THE DATA >>
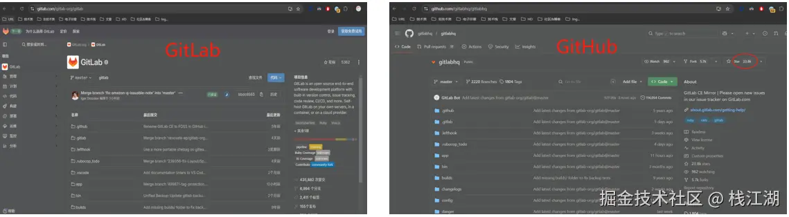 这两个仓库都包含了 GitLab 的核心代码,gitlab.com 上是官方版本,而 github 上的版本是GitLab CE 的镜像版本。可以看到 github8 小时前还有一次Commit:“ Add latest changes from gitlab-org/gitlab@master”。
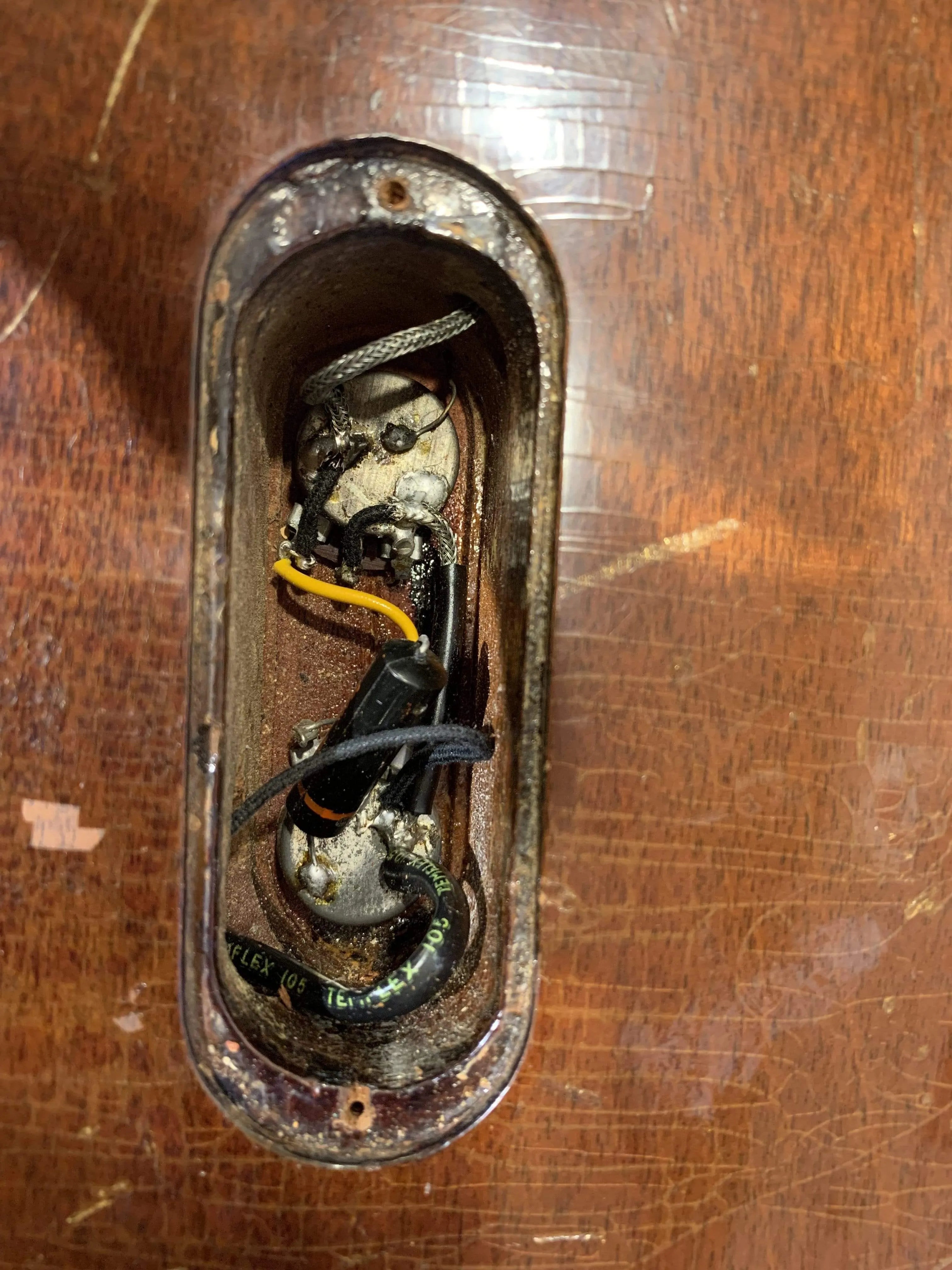 Electronics: Original humbucker pickup with center pole pieces and black plastic cover, and original wiring harness with master volume/tone controls. Some solder joints appear to have been touched up. The pots were made by Centralab, and date to 1961.
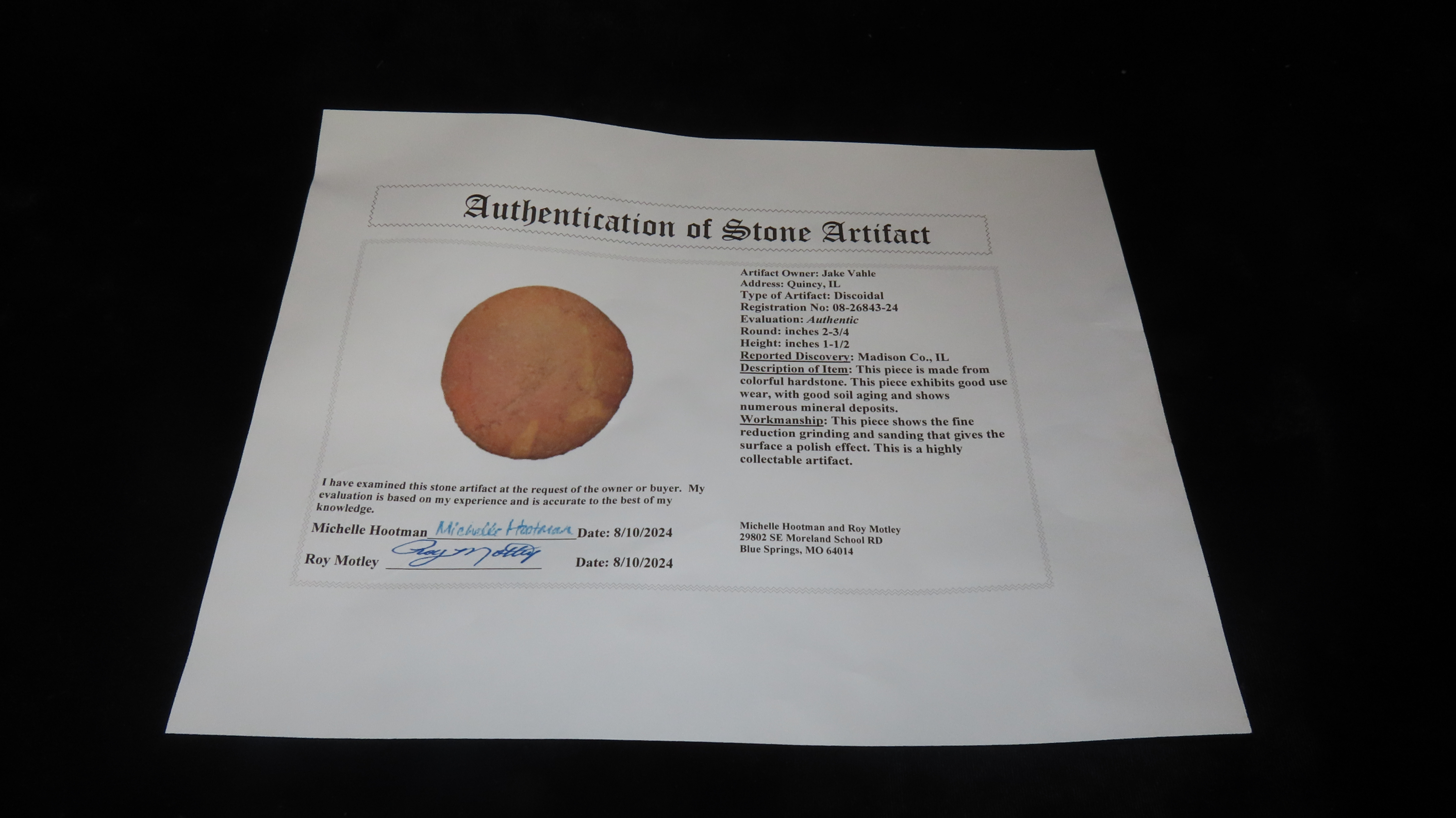 2 3/4″ x 1 1/2″ Discoidal, Colorful Hardstone, Madison Co., Illinois, COA Hootman and Motley
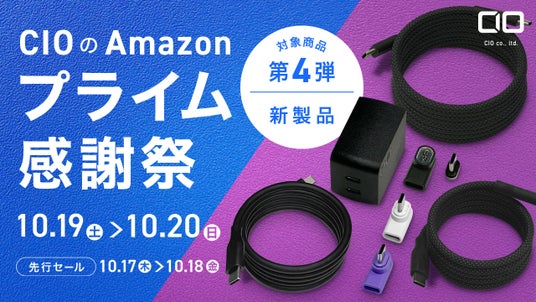 小型・高出力のモバイルバッテリー「SMARTCOBY」シリーズや、小型のGaN急速充電器「NovaPort」シリーズなどの各種充電機器を展開する株式会社CIOは、2024年度「プライム感謝祭」に向け、同社主力を「プライム感謝祭」特別価格にて販売いたします。(※2)

WHAT YOU WILL DO >>
Could you retype exactly the lines running from the one with "2 3/4″ x 1 1/2″" to the end of the material above, pictures omitted?

OUTPUT FOR THIS TASK >>
 2 3/4″ x 1 1/2″ Discoidal, Colorful Hardstone, Madison Co., Illinois, COA Hootman and Motley
 小型・高出力のモバイルバッテリー「SMARTCOBY」シリーズや、小型のGaN急速充電器「NovaPort」シリーズなどの各種充電機器を展開する株式会社CIOは、2024年度「プライム感謝祭」に向け、同社主力を「プライム感謝祭」特別価格にて販売いたします。(※2)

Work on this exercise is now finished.